Date: Sunday, February 26
Days Without Camera: 25
Days in Florence: 56
Days Left: 28
I was walking back home arms full of supermarket bags when I looked to my right, and there spread before me was a flea market. So naturally I rushed home, called up my friends and we descended on the market eyes curiously peering for vintage Italian finds.
The market was lovely and eclectic and everything you expect and want a flea market to be, some things gave you that sweet chill of nostalgia, other objects (like some wonderful chandeliers) made you shiver with want…until you realize you have no money and anyway no room in you luggage to haul an Art Deco abajur back home.

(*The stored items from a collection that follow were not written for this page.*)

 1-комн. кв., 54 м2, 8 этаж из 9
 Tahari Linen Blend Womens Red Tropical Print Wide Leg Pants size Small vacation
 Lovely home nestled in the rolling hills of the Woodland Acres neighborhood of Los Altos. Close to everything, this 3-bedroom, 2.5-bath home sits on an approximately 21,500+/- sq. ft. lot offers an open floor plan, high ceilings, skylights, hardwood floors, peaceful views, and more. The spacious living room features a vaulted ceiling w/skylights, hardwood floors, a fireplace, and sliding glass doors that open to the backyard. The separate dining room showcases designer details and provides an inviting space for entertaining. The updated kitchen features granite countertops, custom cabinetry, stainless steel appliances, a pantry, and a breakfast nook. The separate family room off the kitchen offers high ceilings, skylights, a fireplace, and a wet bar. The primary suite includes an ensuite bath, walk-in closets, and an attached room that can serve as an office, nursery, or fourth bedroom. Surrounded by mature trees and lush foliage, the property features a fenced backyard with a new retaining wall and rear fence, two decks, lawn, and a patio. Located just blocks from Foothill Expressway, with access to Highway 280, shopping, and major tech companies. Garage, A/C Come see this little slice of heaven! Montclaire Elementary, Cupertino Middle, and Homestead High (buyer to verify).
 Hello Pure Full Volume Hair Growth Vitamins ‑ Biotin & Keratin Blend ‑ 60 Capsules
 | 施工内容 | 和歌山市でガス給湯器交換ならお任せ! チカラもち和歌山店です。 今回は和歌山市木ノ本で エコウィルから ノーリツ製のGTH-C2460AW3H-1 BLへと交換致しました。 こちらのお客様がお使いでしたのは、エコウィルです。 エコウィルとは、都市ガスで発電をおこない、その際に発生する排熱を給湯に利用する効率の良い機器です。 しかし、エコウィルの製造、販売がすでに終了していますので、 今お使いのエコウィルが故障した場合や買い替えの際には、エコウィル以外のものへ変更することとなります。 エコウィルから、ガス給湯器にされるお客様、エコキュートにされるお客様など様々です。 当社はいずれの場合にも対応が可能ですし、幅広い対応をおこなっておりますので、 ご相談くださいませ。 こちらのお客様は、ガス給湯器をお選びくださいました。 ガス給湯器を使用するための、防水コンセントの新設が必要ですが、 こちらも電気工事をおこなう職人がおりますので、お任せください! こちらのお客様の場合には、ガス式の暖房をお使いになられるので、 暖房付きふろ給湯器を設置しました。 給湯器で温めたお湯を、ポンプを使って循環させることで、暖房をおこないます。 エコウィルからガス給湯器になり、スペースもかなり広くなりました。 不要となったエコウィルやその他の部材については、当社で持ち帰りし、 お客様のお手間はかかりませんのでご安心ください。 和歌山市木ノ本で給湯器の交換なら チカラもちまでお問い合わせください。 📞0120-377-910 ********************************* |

I managed a quick turn through the market, took some nice pictures with my trusty iPhone (I miss my cannon dearly though) and bought some beautifully bound Italian books, all before a nasty cloud poured chilly rain down on us all, and the merchants began scrambling to protect their goods.
Date: Saturday, February 25
Days Without Camera: 24
Days in Florence: 55
Days Left: 29
The last chills of winter have disappeared. In what has seemed like an overnight change, spring has descended on Firenze, the unnatural cold has been banished and the sun has been blazing a bright trail through this past week…

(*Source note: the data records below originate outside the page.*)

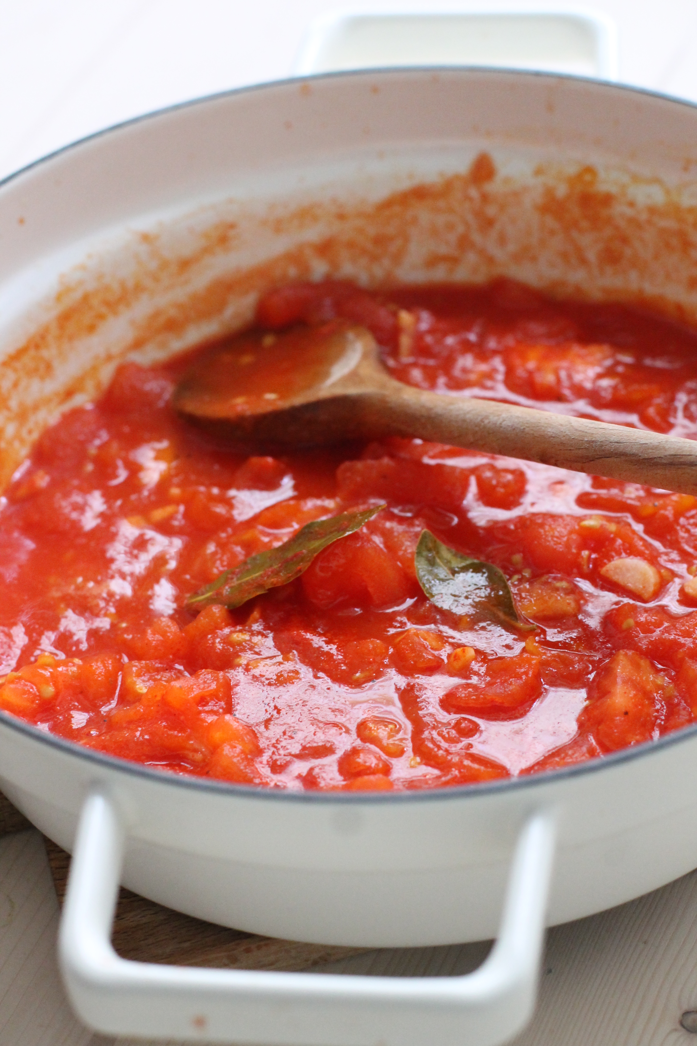 2. Geschälte und gehackte Paradeiser, Lorbeerblätter, 1 EL Tomatenmark und 1/2 TL Salz dazu geben und ohne Deckel für 20-30 Minuten köcheln lassen. Mit etwas abgeriebener Zitronenschale abschmecken.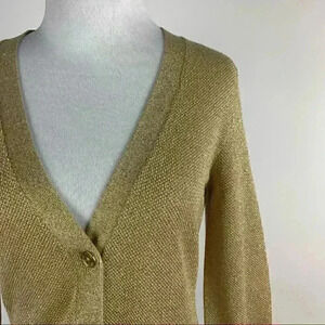 Lauren Ralph Lauren womens sweater size P/P 55% silk gold metallic button down knit v-neck cardigan holiday party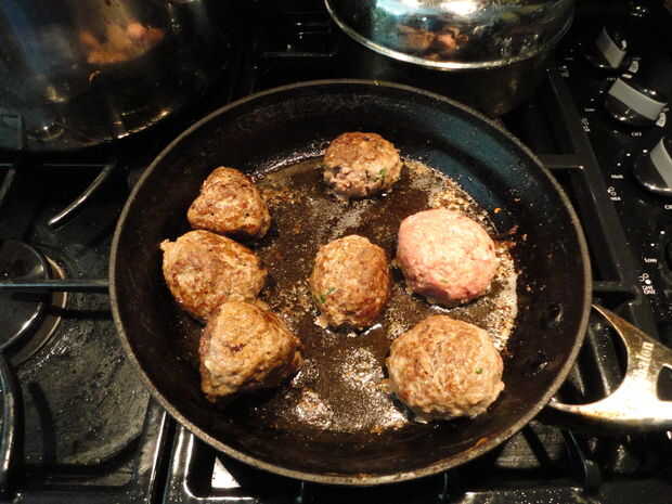 Cuando se fríe algo, el aceite caliente en la cacerola le encanta fizz hacia fuera y quemar, albóndigas no son la excepción, así que ten cuidado. Poner la sartén en la estufa, la estufa en medio de la calefacción. Salpicar el aceite abundantemente sobre el pan; Recuerde que usted tendrá que añadir algunos más adelante. Una vez está chisporrotear el aceite, agregar las albóndigas crudas que son uniformemente alrededor de la bandeja. Cuidadosamente gire cada albóndiga se convierte en dorado, tratar de ver si el interior es de color rosado sin rasgarse aparte y si se trata de mantener en la bandeja hasta que darse en el interior. Una forma útil a si una bola de carne se realiza o no es apuñalar con un tenedor y lentamente tire de la horquilla, si la albóndiga se quedó en la horquilla hacia abajo y luego lentamente se realiza diapositivas apagado, luego la albóndiga. Sin embargo, si la albóndiga se queda en la horquilla y no se deslice lentamente hacia abajo, entonces debe quitarse el calor inmediatamente. puede ser demasiado. Recuerde que una bola de carne quemada es una albóndiga mal sabor, así que, intenta no bollo les.
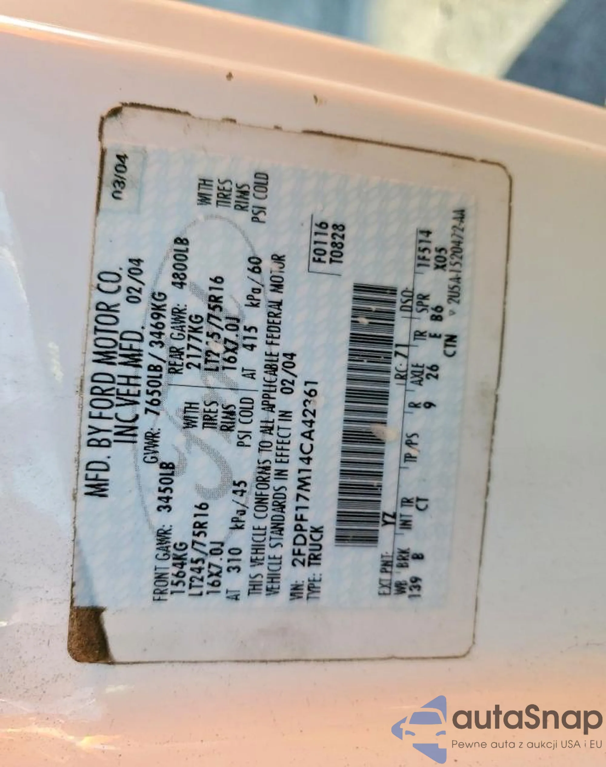 Автомобиль Ford F-150 2004 (VIN 2FDPF17M14CA42361) ранее не участвовал в торгах. Документы чистые, пробег соответствует или ниже среднего по рынку. Продаётся страховой компанией — рекомендуем покупку. Доставка в порт займет около 6–8 недель.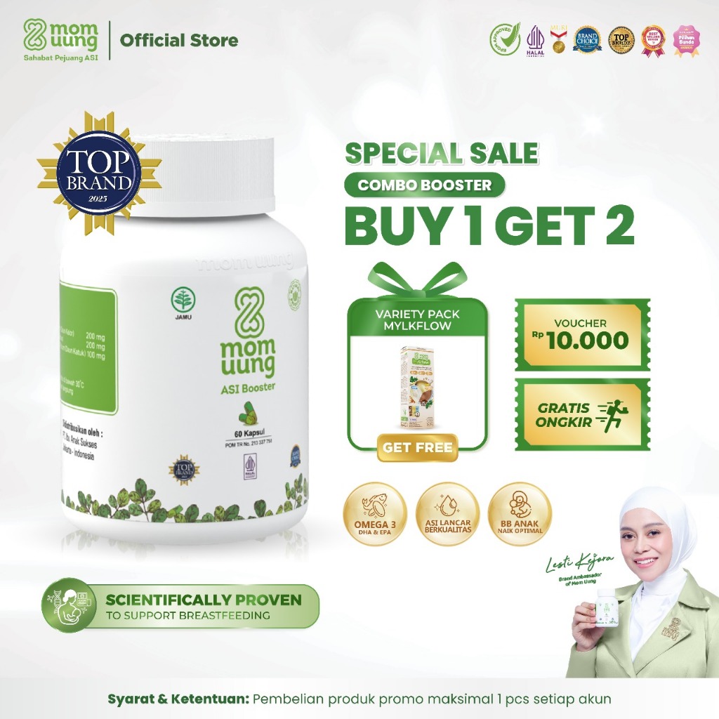 [SPECIAL SALE] BUY 1 GET 2 - Mom Uung ASI Booster 60 Kapsul FREE Susu Mylkflow Variety Pack 3 Sachet

…and I spent it all sick in bed.
The illness that began the week before on my birthday seemed to have taken a great displeasure to muddy trek through the cold Tuscan countryside, and thus has punished me by becoming an unyielding companion through the good weather.

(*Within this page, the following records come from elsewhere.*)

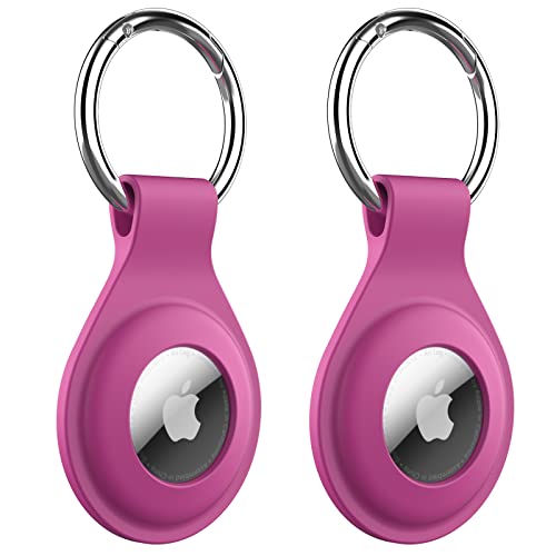 JETech Silicone Custodia per AirTag 2021 con Portachiavi, Cover Air Tag Protettiva Portatile, Installazione Facile, Pacco da 2 (Dragon Fruit)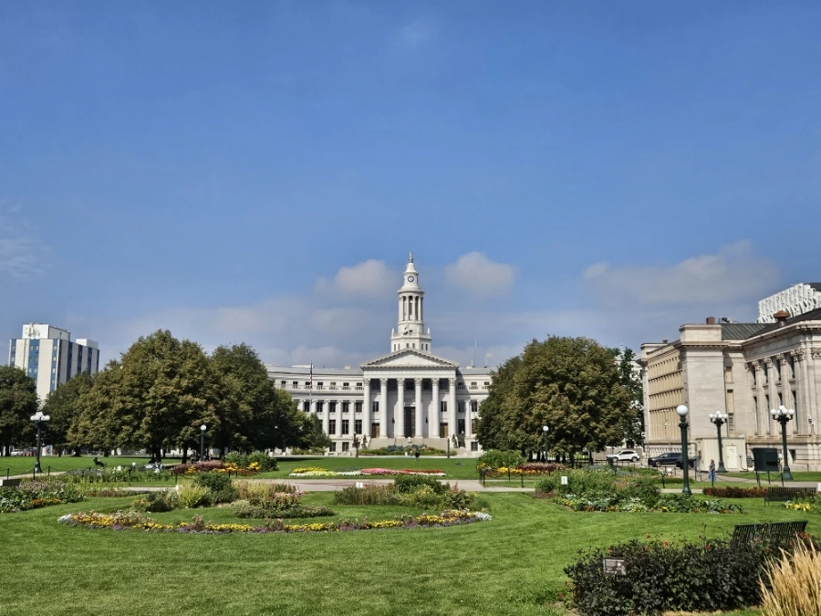 작지만 깔끔하고 감성 있게 지어진 덴버시 관공서 건물이다. 콜로라도 주 의회 건물과 정면으로 마주하고 있고, 그 사이에 시빅센터공원이 조성되어 있다. 주변의 고층 금융권 빌딩 숲 사이에 전통적인 느낌의 관공서들이 위치하고 있는 게, 한국에 비유하자면 전통과 현대가 공존하는 광화문 일대를 보는 듯한 기분이었다. 깔끔하게 조성이 잘 되어있다는 인상을 받았다.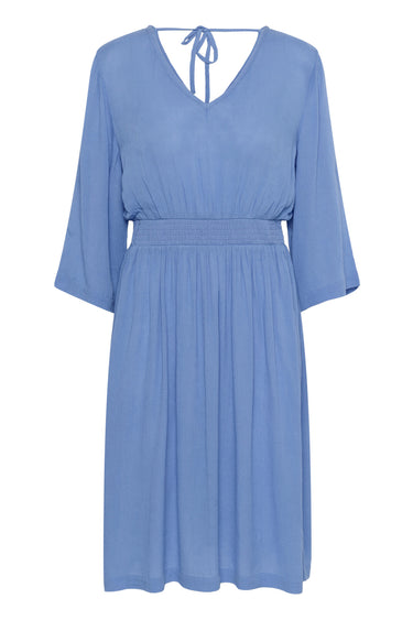 OBS! Fjernlager. Levering kan blive forlænget med 2-3 dage, hvis varen ikke findes i vores butik lige nu.Feminin kjole fra Kaffe med ¾ lange ærmer, v-udskæring i halsen og en bred smockkant i taljen der giver den et flot silhuet.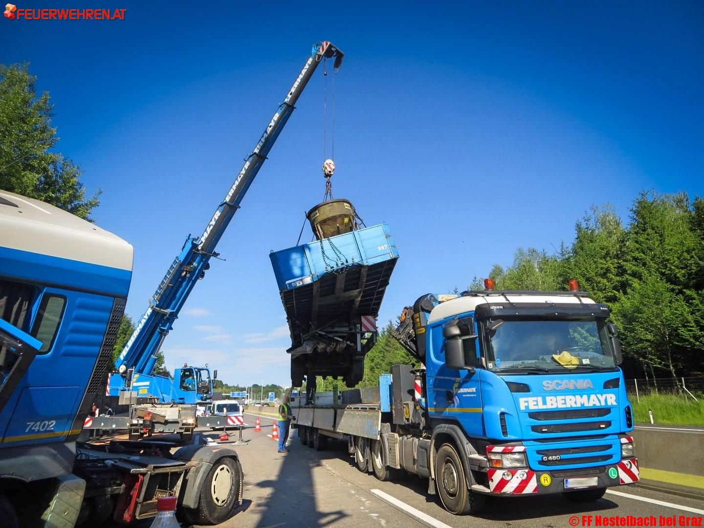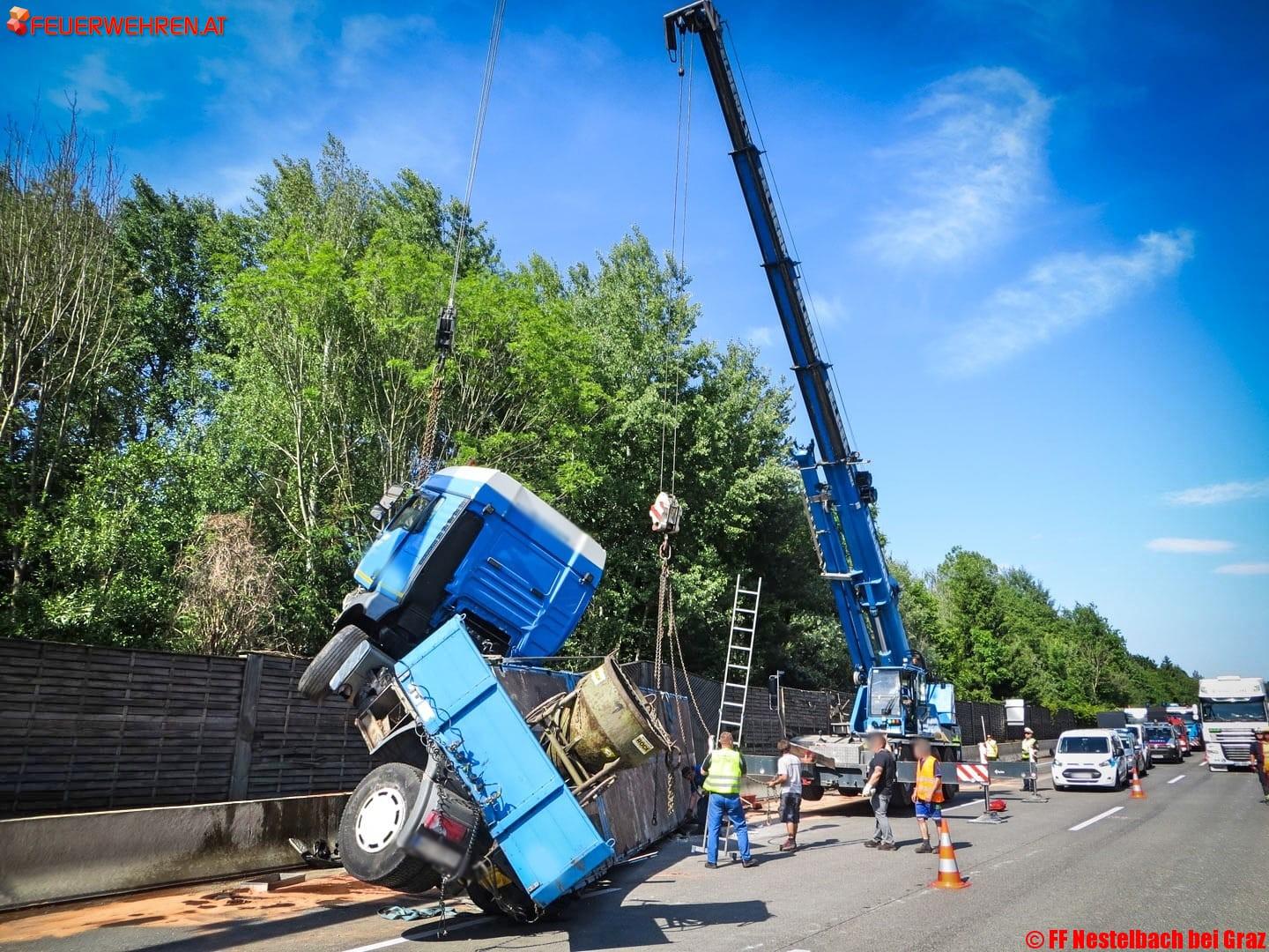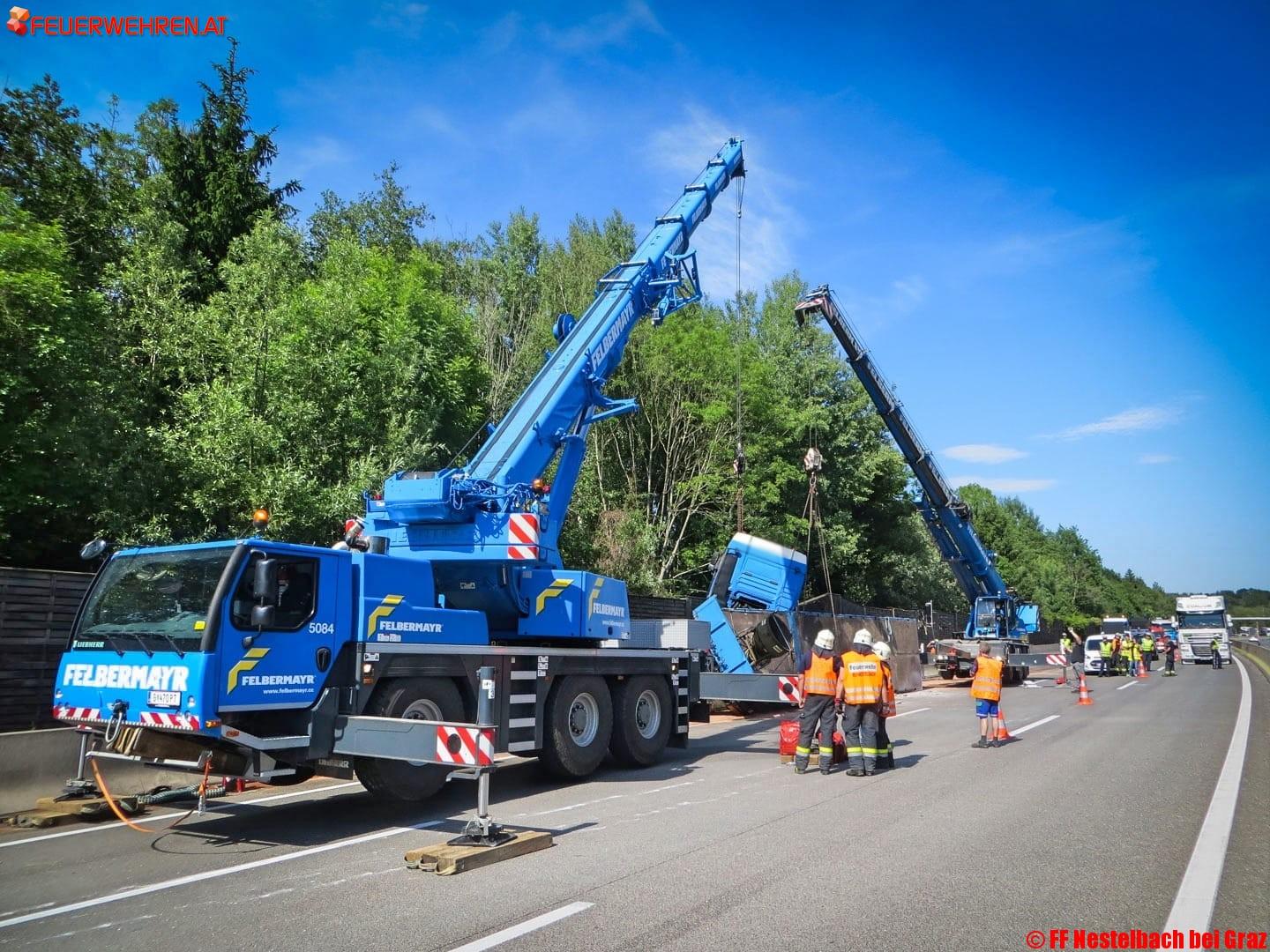 Für die Bergearbeiten am LKW – Sattelzug mussten zwei Bergekräne der Firma Felbermayer hinzugezogen werden, bevor mit der Bergung des Sattelzuges begonnen werden konnte, mussten zunächst die Betonteile umgeladen werden, danach konnte erst der Sattelzug zurück auf die Fahrbahn gehoben werden. Während der Bergungsarbeiten mussten die restlichen circa 500 Liter Dieselkraftstoff, welche sich noch im aufgebrochenen Dieseltank befanden, abgepumpt werden. Der verunfallte Sattelzug wurde mit weiteren Sattelzügen der Firma Felbermayer abtransportiert, während der Bergungsarbeiten musste die A2 Südautobahn im Bereich der Unfallstelle komplett gesperrt werden.

But not all things bad, last forever. With the weekend came a grand reprieve from my sick bed and two wonderful days spent in the sun that banished the cranky week away.
As Saturday dawned cloudy and warm, I found myself sitting on a jostling city bus going to Settignano. All we knew was there was a garden, and we had to take the number 10 bus to get there. Thus began a little adventure to first find the number 10 bus, to then hypothesize about the name of our destination, followed by arriving there and having no clue where the garden would be from the bus stop…and it didn’t help that when we finally made it to the villa that opens it’s gardens for Florentine picnickers, the gates were shut and no one would answer the doorbell.
The story has a happy ending though, the gates opened, and we found ourselves in the middle of a fairy tale, and we had it all to ourselves. Even the cloudy sky couldn’t dampen my mood, we had good food, good company and a playground that was a page from every one of my favorite tales. It was Narnia, the Secret Garden and Jane Eyre all wrapped into one stunning Tuscan villa. Every bit worth the wait in bed.